Sometimes, I hate my garden. When the deer eat the baby cucumbers, when something digs up my whole crop of elephant garlic and spreads the cloves willy-nilly along the path, when it’s too hot, too wet, too cold, too dry, too buggy.
Other days–admittedly fewer in number–I love my garden. Today, the temperature is just right, there are no bugs yet, and in cleaning up for soil preparation, I dug up a dozen sweet potatoes I’d forgotten I’d planted. I might have remembered–if the deer hadn’t eaten all the leaves to tell me they were there. So, sweet potatoes for dinner tonight!

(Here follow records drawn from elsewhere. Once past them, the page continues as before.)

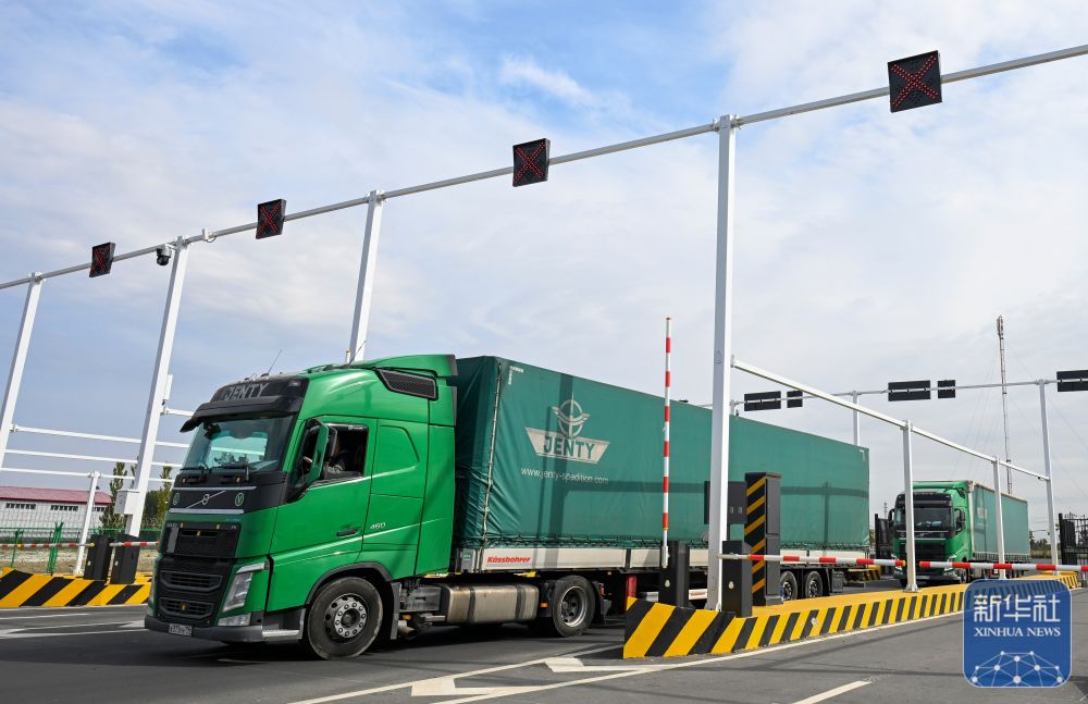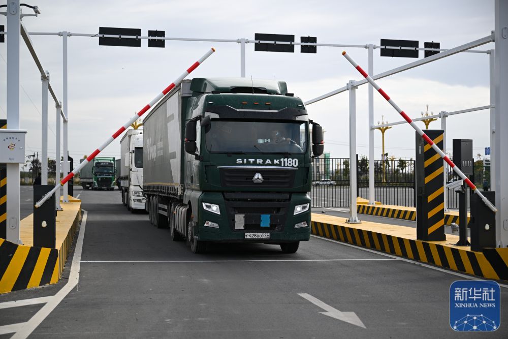 ↑9月17日,來自俄羅斯的貨車從位于新疆塔城地區(qū)的巴克圖口岸海關(guān)集中查驗(yàn)場地出關(guān)。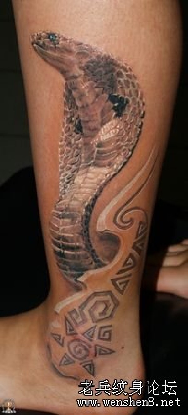 腿部3D蛇纹身图案_3D纹身图案大全_纹身图吧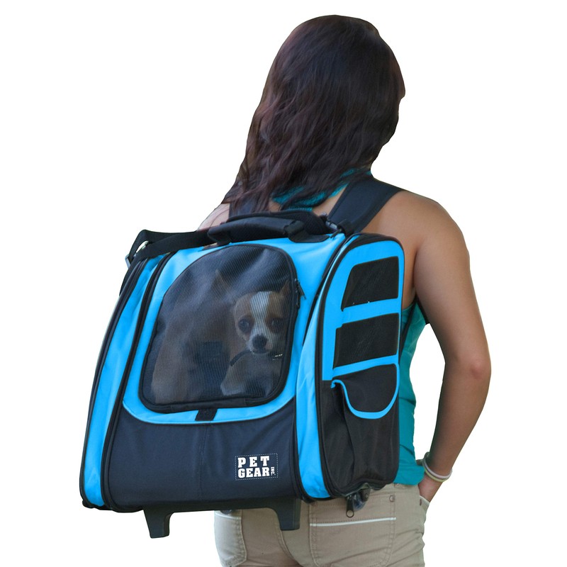 Pet Gear I-GO2 Traveler Roller Backpack, Travel Carrier, Car Seat for Cats/Dogs, Mesh Ventilation, Included Tether, Telescoping Handle, Storage Pouch, Sky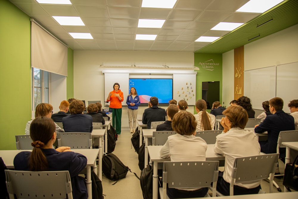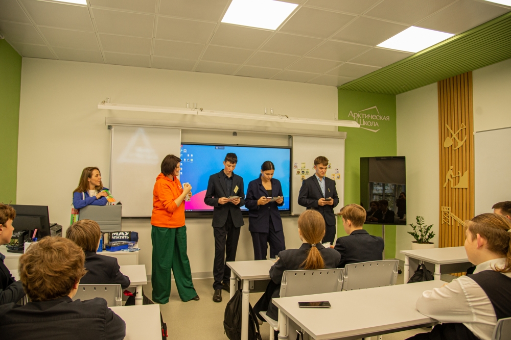 Обновленные в рамках губернаторской программы «Арктическая школа» пространства образовательных учреждений города Мурманска нравятся и ученикам, и педагогам. Заниматься в них — одно удовольствие, отмечают ребята. Сегодня в одном из кабинетов математики гимназии № 2 (просп. Ленина, 59), проект обновления которого стал победителем конкурса грантов в номинации «Горняк будущего», представители компании «ФосАгро» и Мурманского арктического университета провели игру для старшеклассников.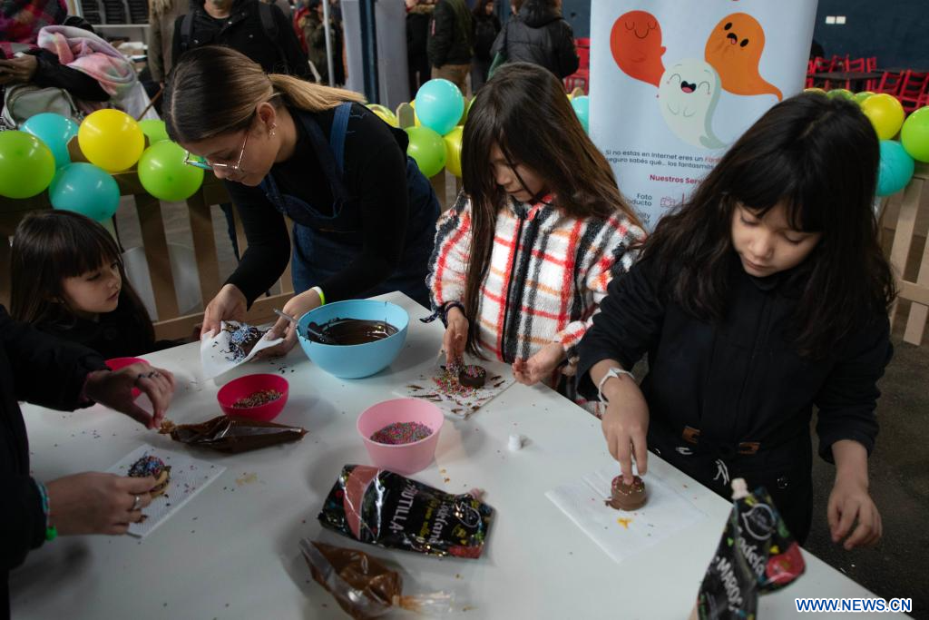 BUENOS AIRES, 19 agosto, 2023 (Xinhua) -- Niñas juegan a crear sus propios alfajores durante la Feria Argentina del Alfajor en el marco de la segunda edición del Campeonato Mundial del Alfajor, en la ciudad de Buenos Aires, capital de Argentina, el 19 de agosto de 2023. (Xinhua/Martín Zabala)

The onions are doing well, the garlic is still buried, the turnips are slowly coming along, the broccoli heads are small, and the cabbage…is cabbagey. By the time the weather gets warm enough to plant the spring seedlings that currently live in the sunshine on my dining room table, the others will need to come out to make room.

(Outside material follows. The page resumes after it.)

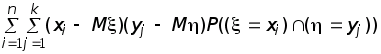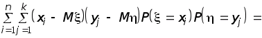 >Также надо поступить со случайной величиной , разбив ее область значений e; f на равные отрезки g0 = e; g1; g1; ge…gk-1; gk=f, и приняв за возможные значения середины отрезков gk-1; gk. Таким образом мы получили дискретные случайные величины *=x1; x2; …xn и *=y1; y2; …yk, причем каждой паре (xi; yj) ставится в соответствие вероятность >

I’m trying flowers this year too–so into the ground today went freesias, gladiolas, lilies, and a single amaryllis. All pinks and reds.
Seedlings are spinach, sweet peas, morning glories, tomatoes, cucumbers, sunflowers, peppers, zucchini, and … something else I don’t remember. Last year, the squirrels got all my tomatoes and melons–I suspect because I put the birdfeeder above the deck and the seeds attracted the squirrels. The deer got the blueberries and the climbing hydrangea, but I’m hopeful they made it through the winter, and soon I’ll start spraying Deer Off on them again. I’ve also got Concord and muscadine grapes, if they made it through the winter.
Gardening is an iffy thing for a lazy and haphazard gardener like me. I’ve stopped taking it personally when something doesn’t grow, figuring it just wasn’t meant to grow in this sandy coastal soil. When something does grow, and grow well, I think I’ll just plant more of it. That might lead to a garden full of sweet potatoes…and I can think of worse things!